# RAPU 5.0 vs. Earlier RAPUs?



## Ball Maker (Dec 10, 2009)

Greetings, this is my first post. I'm an engineering geek who likes to tinker. I like building stuff for Halloween but I'm not at the crazy level as probably most of you. I built rain FX equipment for a big haunted house once, and have done a few things around my house and workplace for Halloween, but that's about it. 

I've had a model kit (static) skull sitting in my closet for years and have been wanting to animate it for a long time. I once animated a plastic skeletal hand plastic model using servos, an SSC, and an old piece of S/W that was painful to use. A few years later I discovered VSA and really enjoyed playing with it. It was less tedious to use, but still tedious. Still, it was great fun breathing life into inanimate objects.

Anyway, I'm tempted to get a RAPU. I like the idea of a standalone controller running VSA that anyone could just turn on and run a show (no booting a PC, etc.).
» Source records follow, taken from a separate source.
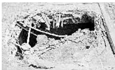
这样的窨井盖, 咋会不出事?
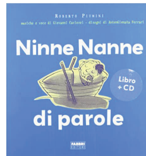
Ninne nanne di parole di Roberto Piumini, musiche e voce di Giovanni Caviezel Fabbri editori
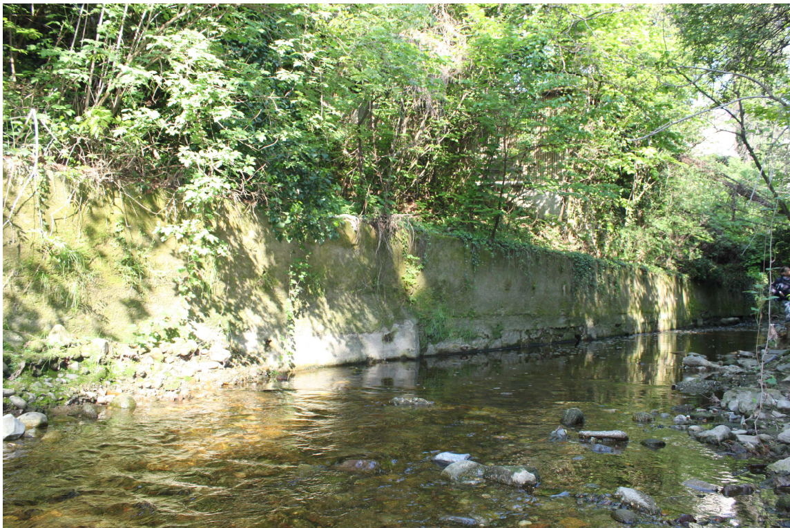
12. ARU 2 - Sponda del Torrente Lura con muro di sostegno in calcestruzzo con “pennelli” alle fondazioni
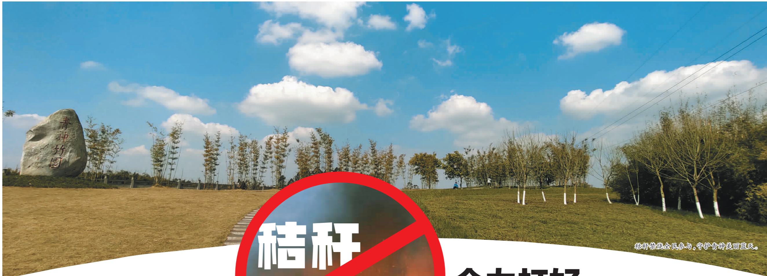
秸秆禁烧全民参与,守护青神美丽蓝天。
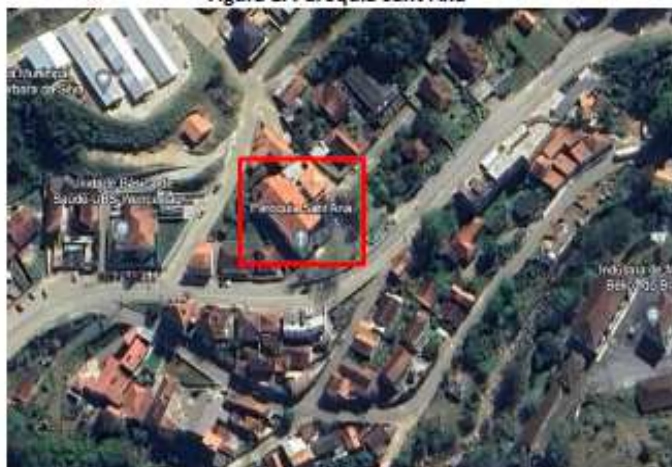
Figura 1. Paróquia Sant'Ana

A Paróquia Sant'Ana está localizada no bairro Centro, no município de Wenceslau Braz, Minas Gerais
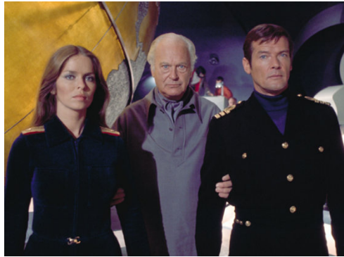
ภาพที่ 6: อันยา อมาโซวา, คาร์ล สตรอมเบิร์ก และเจมส์ บอนด์ “โรเจอร์ มัวร์” (เรียงจากซ้ายไปขวา) ในภาพยนตร์เรื่อง “พยัคฆ์ร้ายสุดที่รัก” (The Spy Who Loved Me) ค.ศ. 1977

การแทรกแซงอัฟกานิสถานของสหภาพโซเวียตใน ค.ศ. 1979 เพื่อช่วยเหลือรัฐบาลคอมมิวนิสต์ในการปราบปรามขบวนการต่อต้าน นับเป็นจุดสิ้นสุดของยุคผ่อนคลายความตึงเครียดในสงครามโลก และทำให้โลกกลับเข้าสู่ช่วง“สงครามเย็นครั้งใหม่” (New Cold War) ในต้นทศวรรษ 1980 โดยภายใต้รัฐบาลของ “โรนัลด์ เรแกน” (Ronald Reagan) และ “มาร์กาเรต แทตเชอร์” (Margaret Thatcher) สหรัฐฯ และอังกฤษมีจุดยืนร่วมกันในการต่อต้านลัทธิคอมมิวนิสต์ โดยวิพากษ์วิจารณ์แนวทางประนีประนอมกับโซเวียตในช่วงผ่อนคลายความตึงเครียดว่า “เป็นการลดทอนศักดิ์ศรีของโลกเสรี” ทั้งยังเป็นการเปิดโอกาสให้โซเวียตใช้บรรยากาศของการผ่อนคลายทางการเมืองช่วงสงครามเย็นพัฒนาเทคโนโลยีอาวุธอย่างต่อเนื่อง จนสามารถมี “ขีปนาวุธข้ามทวีป” (Intercontinental Ballistic Missile : ICBM) ในครอบครองเป็นจำนวนมาก 50 การพัฒนาเทคโนโลยีด้านอาวุธของโซเวียตจึงกลายเป็นภัยคุกคามต่อสหรัฐฯ แล้ว รัฐบาลเรแกนซึ่งมีมุมมองว่าโซเวียตเป็น “จักรวรรดิอันชั่วร้าย” (Evil Empire) ที่ไม่อาจไว้วางใจได้อีก จึงตัดสินใจเพิ่มงบประมาณด้านความมั่นคงเพื่อพัฒนาเทคโนโลยีด้านอาวุธและระบบป้องกันภัยทางอากาศภายในประเทศ เพื่อช่วงชิงความได้เปรียบทางยุทธศาสตร์กลับคืนมาจาก โซเวียตอีกครั้ง 51 ส่วนรัฐบาลแทตเชอร์ก็สนับสนุนนโยบายการสกัดกั้นสหภาพโซเวียตของสหรัฐฯ
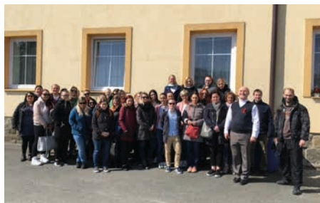
Tým Diecézní charity ostravsko-opavské na duchovní obnově v Odrách

Závěrem bychom rádi poděkovali těm, kteří nám během duchovní obnovy věnovali svůj čas. Všem charitákům pak přejeme slovy otce Pavla Obra, který se jako školní kaplan věnuje studentům SŠ sv. Anežky: „Ať v sobě cítíte vnitřní radost a pozitivní zpětnou vazbu nejen od svých klientů.“ sl
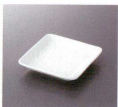
セ-19203 719203 700円 白磁角取皿 60入 12×12×2.3cm
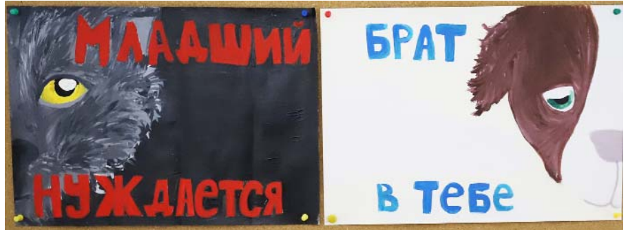
Акция по сбору корма бездомным животным

В сентябре проводилась интересная акция, которая помогала ученикам правильно ставить ударения в словах. На уроках технологии гимназисты рисовали плакаты со словами, в которых люди чаще всего делают
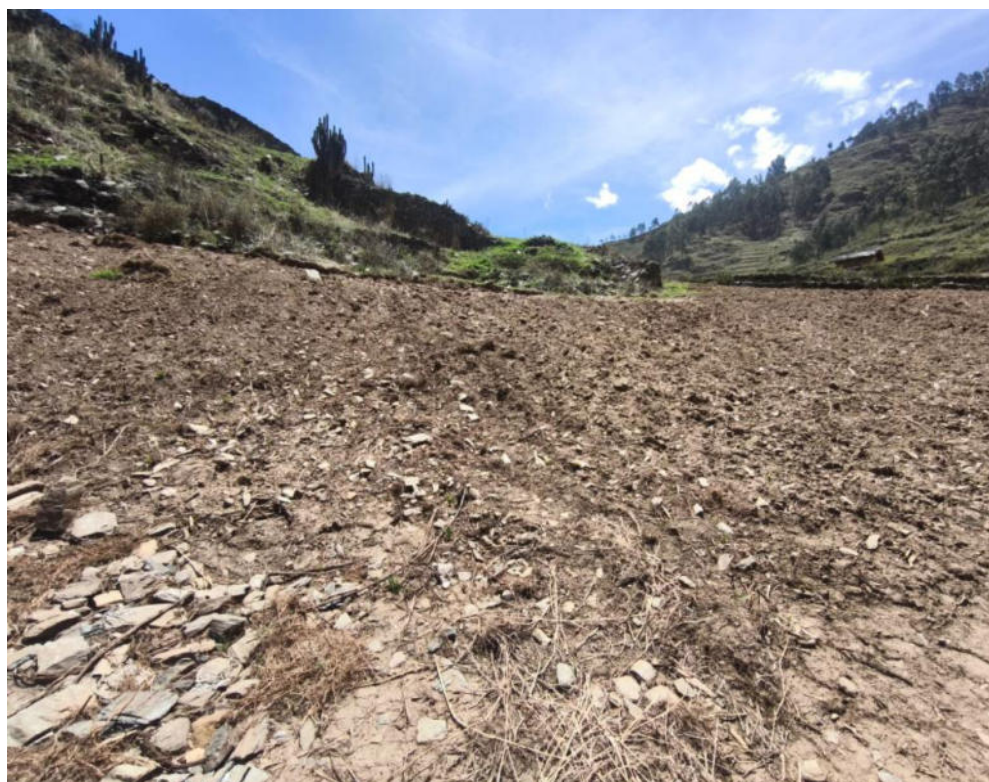
Foto N° 06.- Fotografía panorámica del sitio arqueológico Supay Punku, ubicado en el distrito de Pachas, provincia de Dos de Mayo de la región Huánuco. Se observa los trabajos de cultivo realizados.

But I've read a lot of comments regarding the buggy nature of the RAPU. Many of these messages are on the old side, so I was wondering if anyone knows if the vr. 5.0 RAPU is less buggy than its predecessors? Thanks!


----------



## azdude (Jun 26, 2009)

Hi Ross,

I used the RAPU with the older software (4.0 I think) and I never thought it was buggy. I have had it controlling my most complex prop now for 2 years and I never had any problems with it. The one thing that I will point out about the RAPU is that there is no simple way to trigger the thing. < warning - incoming sarcasm> One would assume that in designing a 'stand alone' controller that you would make it easy to trigger a routine - hence the term 'stand alone.' But no. You can trigger it via an infra red controller or via the RS232 port. So these engineers are sitting around in a room designing the thing and NO ONE says "Hey, maybe we should give the option to trigger it via a simple switch closure?" Its truly incredible.

So anyway, thats the way it is. In the end, I designed a circuit board with a microcontroller that has the trigger input and then sends the 'commands' to the RAPU unit via the RS232 port. This actually worked out well for me because it allowed me to manage the delay time in between the triggers and it also allowed me to truly randomize the routines that I had. If you are interested in this method I am glad to help. HOWEVER, now that you can buy a net book laptop for less than the price of the RAPU you may be able to solve the problem cheaper going that route. There is a free software available called Monkey Basic that allows you to trigger a VSA routine using the parallel port on your computer (or USB-to-parallel adapter). I have never used this software and honestly do not know that much about it but if you are just starting your project you should definately check it out.

Have fun,
Bruce


----------